Red state AG criticizes Biden administration's immigration policy: "Alice in Wonderland stuff"
US District Court Judge Dan Traynor stated that the court's verdict was a "logical deduction."
A North Dakota federal judge halted the Biden administration's rule, which enabled DACA recipients to obtain ObamaCare coverage via the Affordable Care Act.
In an interview with Planet Chronicle Digital, Kansas Attorney General Kris Kobach, who led the lawsuit against the Biden administration, stated that the judge's ruling on Monday was "not surprising."
"According to Kobach, before the election, it was argued that the judge would rule the way he did, and we got that impression at the hearing. Similarly, in other cases, Republican states have challenged Biden administration policies, and the administration has been changing the meaning of statutes by torturing the English language."
"Kobach stated that the Biden administration's attempt to define illegal aliens as lawfully present, despite their status, was similar to Alice in Wonderland."
On Monday, U.S. District Court Judge Dan Traynor, appointed by President Trump, issued a preliminary injunction in favor of 19 state attorneys general who sued against Biden's rule in August. The state attorneys general argued that the regulation violates a law prohibiting ObamaCare benefits to illegal immigrants. As a result, Biden's regulation will not be enforced in those states.
Traynor wrote that the Court concluded, through a common-sense inference, that the powerful incentive of health care would motivate aliens to remain in the Plaintiff States.
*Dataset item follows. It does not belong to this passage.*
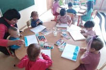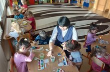 Кечкенәләр төркеменә йөрүче балалар рәсем эшчәнлегендә кар бөртекләрен ясадылар.
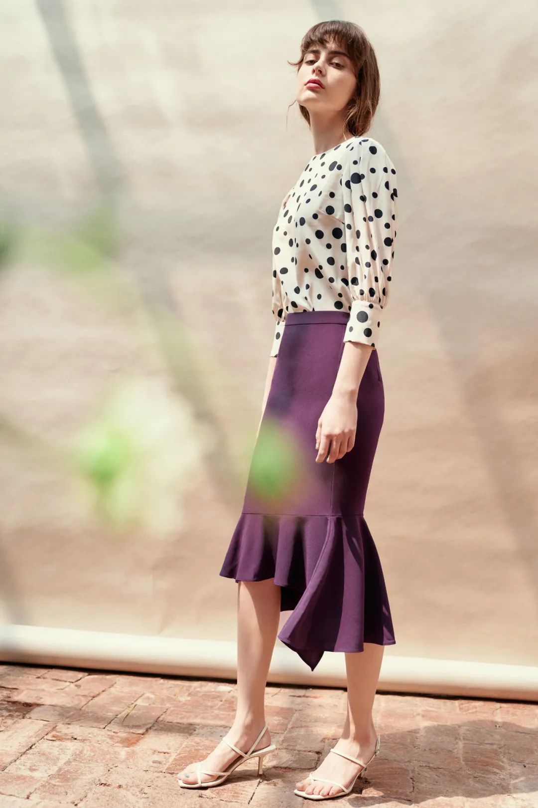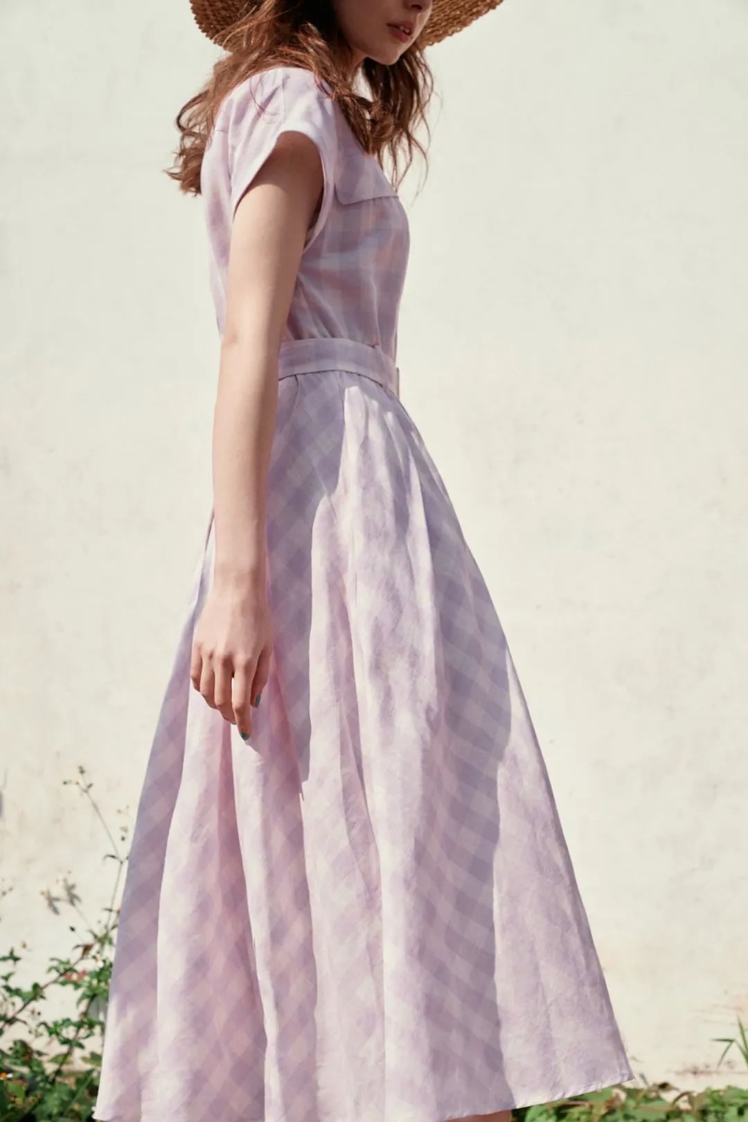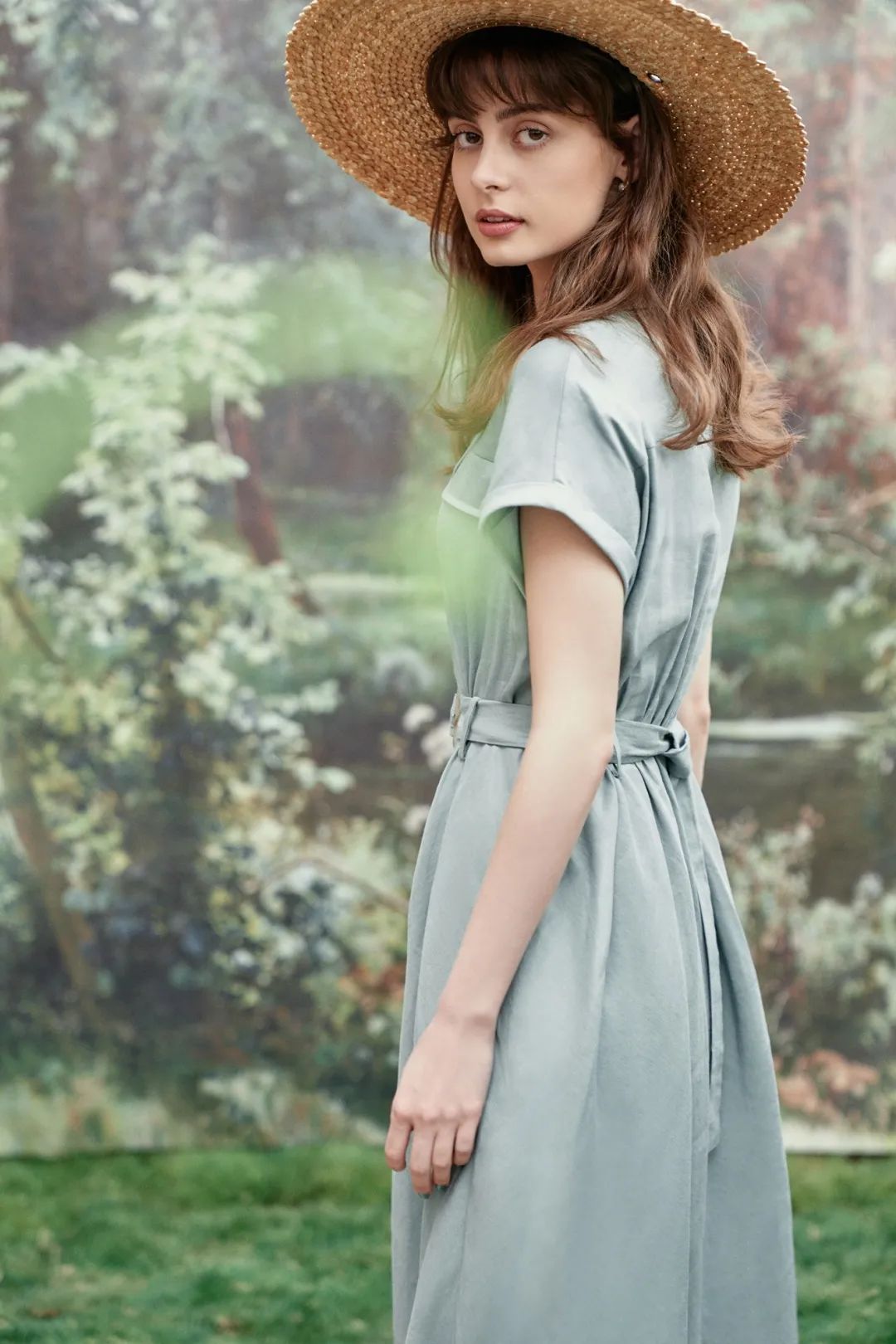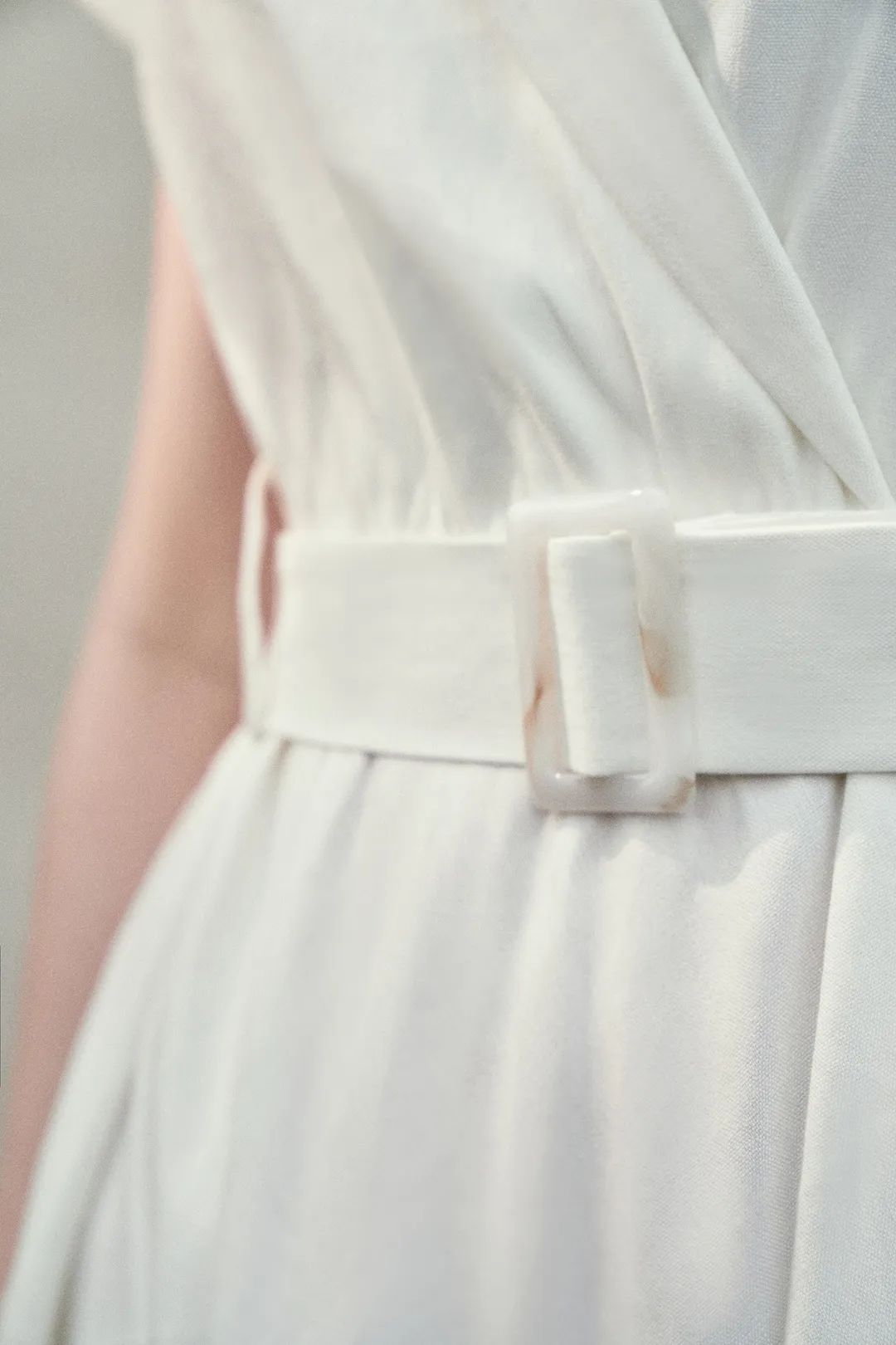 版型设计灵感来自优雅经典的50年代,收腰、方扣腰带、大伞裙下摆、衬衫领。▼

The Biden administration's executive action aimed to reclassify illegal aliens as legally present. The states that opposed the ruling were Alabama, Arkansas, Florida, Idaho, Indiana, Iowa, Kansas, Kentucky, Missouri, Montana, Nebraska, New Hampshire, North Dakota, Ohio, South Carolina, South Dakota, Tennessee, Texas, and Virginia.
If Biden's ruling had remained in effect, over 100,000 uninsured illegal immigrants would have obtained health insurance. The HHS rule would have enabled DACA recipients to apply for coverage through HealthCare.gov and state-based marketplaces. The rule would have achieved this by making technical changes to the definition of "lawfully present" used to determine eligibility.
On June 15, 2012, President Obama introduced the DACA program, an executive action aimed at resolving the issue of young undocumented immigrants who were brought to the US as children. The program was not legislated but was implemented through a DHS memorandum.
In 2020, the Supreme Court prevented Trump's administration from ending DACA.
"The financial impact on federal taxpayers if the Biden regulation had been implemented would have been significant, as the ObamaCare subsidy could have been worth $4,000 or more per year for each of the hundreds of dreamers who would have received it. This would have included any illegal alien with work authorization, numbering in the thousands. The total financial impact on taxpayers would have been in the millions, possibly even hundreds of millions."
CMS is reviewing a lawsuit but remains silent on ongoing litigation.
Planet Chronicle Digital's Adam Shaw contributed to this report.